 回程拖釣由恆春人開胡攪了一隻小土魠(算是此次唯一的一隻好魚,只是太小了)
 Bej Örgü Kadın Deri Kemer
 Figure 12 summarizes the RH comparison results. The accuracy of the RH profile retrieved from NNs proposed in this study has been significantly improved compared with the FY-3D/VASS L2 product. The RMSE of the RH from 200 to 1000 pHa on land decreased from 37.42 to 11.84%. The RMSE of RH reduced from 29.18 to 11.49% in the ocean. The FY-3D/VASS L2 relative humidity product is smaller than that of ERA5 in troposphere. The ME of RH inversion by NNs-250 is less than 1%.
━━━━━━
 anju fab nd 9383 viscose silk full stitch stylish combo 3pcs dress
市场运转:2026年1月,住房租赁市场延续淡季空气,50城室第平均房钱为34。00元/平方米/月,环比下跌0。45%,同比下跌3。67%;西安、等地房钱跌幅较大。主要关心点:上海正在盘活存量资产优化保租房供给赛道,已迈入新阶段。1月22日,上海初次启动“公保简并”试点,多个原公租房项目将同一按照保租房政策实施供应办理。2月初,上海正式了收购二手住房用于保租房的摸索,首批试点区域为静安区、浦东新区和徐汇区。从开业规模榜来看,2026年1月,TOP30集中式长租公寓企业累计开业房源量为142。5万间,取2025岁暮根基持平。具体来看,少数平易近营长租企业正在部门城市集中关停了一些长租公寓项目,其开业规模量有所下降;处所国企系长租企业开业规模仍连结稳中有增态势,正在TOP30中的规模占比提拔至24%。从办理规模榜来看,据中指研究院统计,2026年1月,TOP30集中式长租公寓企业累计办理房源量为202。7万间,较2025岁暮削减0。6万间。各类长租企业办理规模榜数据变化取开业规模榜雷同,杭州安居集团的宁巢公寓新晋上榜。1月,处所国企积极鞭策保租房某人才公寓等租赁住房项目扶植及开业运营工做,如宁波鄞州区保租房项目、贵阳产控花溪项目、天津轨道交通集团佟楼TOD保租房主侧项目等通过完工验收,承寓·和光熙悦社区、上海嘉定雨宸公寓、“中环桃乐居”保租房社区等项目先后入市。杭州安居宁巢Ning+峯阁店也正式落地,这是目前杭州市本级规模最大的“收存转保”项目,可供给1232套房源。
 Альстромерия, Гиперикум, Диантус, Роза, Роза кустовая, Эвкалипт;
━━━━━━
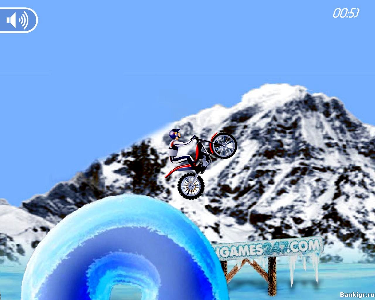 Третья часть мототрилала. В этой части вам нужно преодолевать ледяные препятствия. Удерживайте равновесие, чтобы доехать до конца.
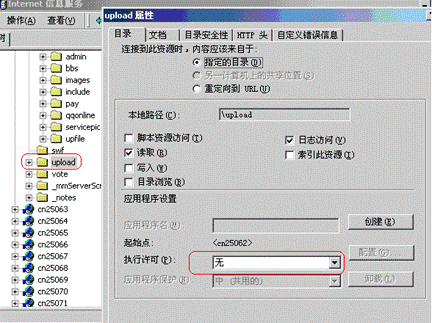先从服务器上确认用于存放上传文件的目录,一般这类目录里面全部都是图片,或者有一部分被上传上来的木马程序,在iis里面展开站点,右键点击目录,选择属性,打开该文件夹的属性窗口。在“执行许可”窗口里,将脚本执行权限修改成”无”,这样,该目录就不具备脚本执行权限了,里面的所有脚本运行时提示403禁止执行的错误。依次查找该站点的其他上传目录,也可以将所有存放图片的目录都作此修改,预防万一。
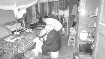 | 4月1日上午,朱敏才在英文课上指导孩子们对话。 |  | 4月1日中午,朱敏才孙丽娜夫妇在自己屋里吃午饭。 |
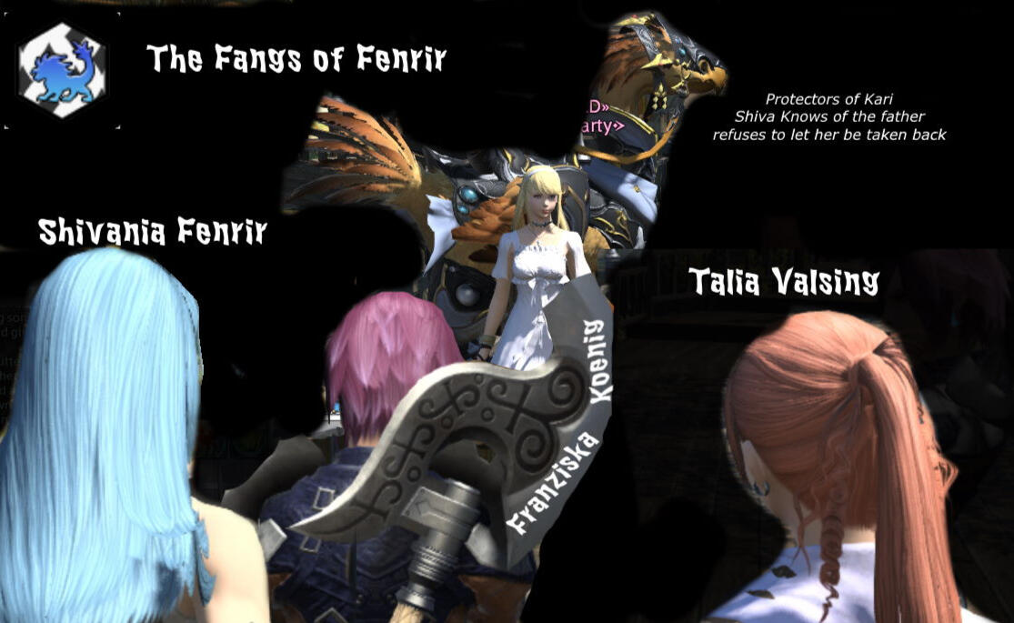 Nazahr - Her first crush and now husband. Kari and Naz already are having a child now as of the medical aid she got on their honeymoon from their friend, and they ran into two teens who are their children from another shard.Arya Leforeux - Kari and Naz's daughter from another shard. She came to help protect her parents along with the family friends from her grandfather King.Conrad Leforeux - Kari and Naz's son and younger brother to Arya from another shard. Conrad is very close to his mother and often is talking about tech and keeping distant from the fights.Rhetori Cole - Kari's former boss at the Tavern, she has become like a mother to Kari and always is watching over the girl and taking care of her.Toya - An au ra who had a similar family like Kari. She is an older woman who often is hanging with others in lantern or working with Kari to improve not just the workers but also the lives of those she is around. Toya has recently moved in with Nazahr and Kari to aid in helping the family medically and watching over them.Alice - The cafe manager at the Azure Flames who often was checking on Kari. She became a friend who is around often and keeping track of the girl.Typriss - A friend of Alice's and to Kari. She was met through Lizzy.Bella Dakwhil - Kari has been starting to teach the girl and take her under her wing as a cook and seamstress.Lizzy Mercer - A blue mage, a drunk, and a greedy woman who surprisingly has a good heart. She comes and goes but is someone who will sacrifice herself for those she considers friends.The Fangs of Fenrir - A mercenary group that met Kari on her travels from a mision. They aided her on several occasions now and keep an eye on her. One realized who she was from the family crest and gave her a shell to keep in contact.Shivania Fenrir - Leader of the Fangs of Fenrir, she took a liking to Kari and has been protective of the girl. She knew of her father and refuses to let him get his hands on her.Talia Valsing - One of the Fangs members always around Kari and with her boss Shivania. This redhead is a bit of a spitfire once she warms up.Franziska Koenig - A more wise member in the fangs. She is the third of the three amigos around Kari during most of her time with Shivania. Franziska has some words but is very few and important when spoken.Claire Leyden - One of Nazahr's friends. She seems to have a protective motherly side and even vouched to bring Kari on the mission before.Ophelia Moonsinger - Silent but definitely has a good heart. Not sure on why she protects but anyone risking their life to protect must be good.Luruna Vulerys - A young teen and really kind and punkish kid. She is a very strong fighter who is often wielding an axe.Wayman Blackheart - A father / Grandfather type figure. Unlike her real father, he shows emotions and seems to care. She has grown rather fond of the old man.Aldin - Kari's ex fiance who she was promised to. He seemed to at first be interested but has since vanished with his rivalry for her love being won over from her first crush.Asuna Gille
━━━━━━
◆ **Work to be completed**: What is needed is an exact copy of the lines above, from the one containing "回程拖釣由恆春人開胡攪了一隻小土魠(算是此次唯一的一隻好魚,只是太小了)" through the one containing "Figure 12 summarizes", with nothing added.

◆ **Solved exercise**:
 回程拖釣由恆春人開胡攪了一隻小土魠(算是此次唯一的一隻好魚,只是太小了)
 Bej Örgü Kadın Deri Kemer
 Figure 12 summarizes the RH comparison results. The accuracy of the RH profile retrieved from NNs proposed in this study has been significantly improved compared with the FY-3D/VASS L2 product. The RMSE of the RH from 200 to 1000 pHa on land decreased from 37.42 to 11.84%. The RMSE of RH reduced from 29.18 to 11.49% in the ocean. The FY-3D/VASS L2 relative humidity product is smaller than that of ERA5 in troposphere. The ME of RH inversion by NNs-250 is less than 1%.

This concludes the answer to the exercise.